Introduction
As the cost of living continues to climb across the United Kingdom, many households find themselves struggling to maintain even the most basic standards of financial independence.
With impending tax rises on the horizon, the pressure on those already living near the edge is set to intensify, pushing even greater numbers below the threshold of self-sufficiency.
This is not a temporary crisis, but a symptom of a deeper, systemic failure—a collapsing economic model that now survives only by extracting more from those who can afford it least.

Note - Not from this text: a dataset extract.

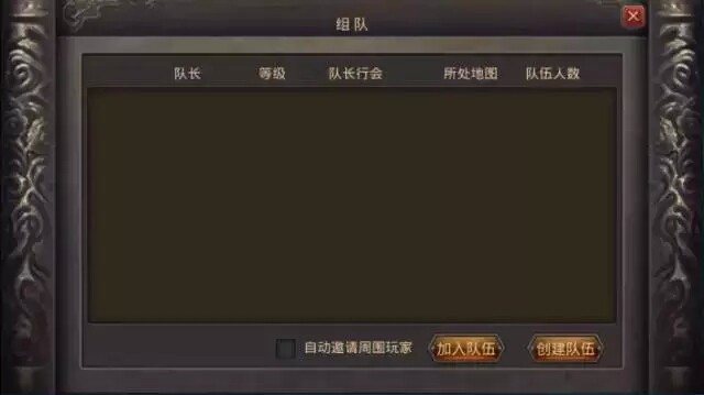 组队:组队按键功能,可查看加入队伍,创建队伍。
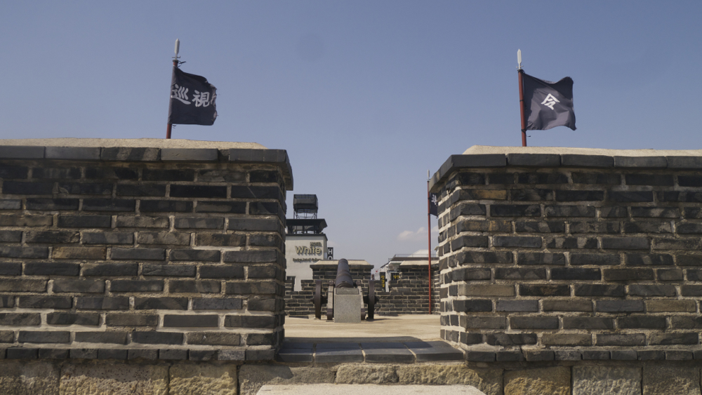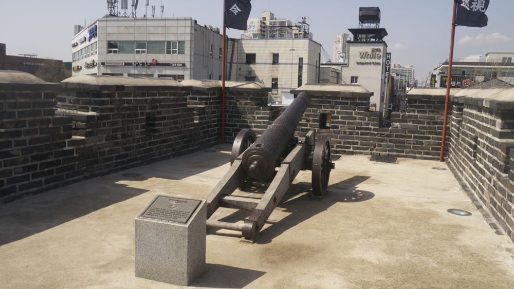 성곽 위에서 걸어가다 보면 북동적대는 아래 사진과 같이 뭔가 숨겨진 곳 같이 계단을 올라가야 되는 구조물입니다. 그 사이로 보면 대포가 놓여져 있는 게 보입니다. 이 대포와 함께 장안문을 수비하는 병사들이 지키는 역할을 하는 또 하나의 치성입니다.

The money-centric economic system that we have – The “Moneyocracy” – perpetuates itself by shifting the burden onto workers and taxpayers, while the promise of prosperity grows ever more distant for the majority.
Against this backdrop, it is essential to confront a fundamental question – one that exposes the uncomfortable realities at the heart of our economy.
A Question:
Do you believe the minimum wage is enough for a full-time worker to live on – and if so, why?
The answer to this question, which varies depending on one’s relationship with the minimum wage, reveals uncomfortable truths about the foundations of our economy and the way work is valued in this country.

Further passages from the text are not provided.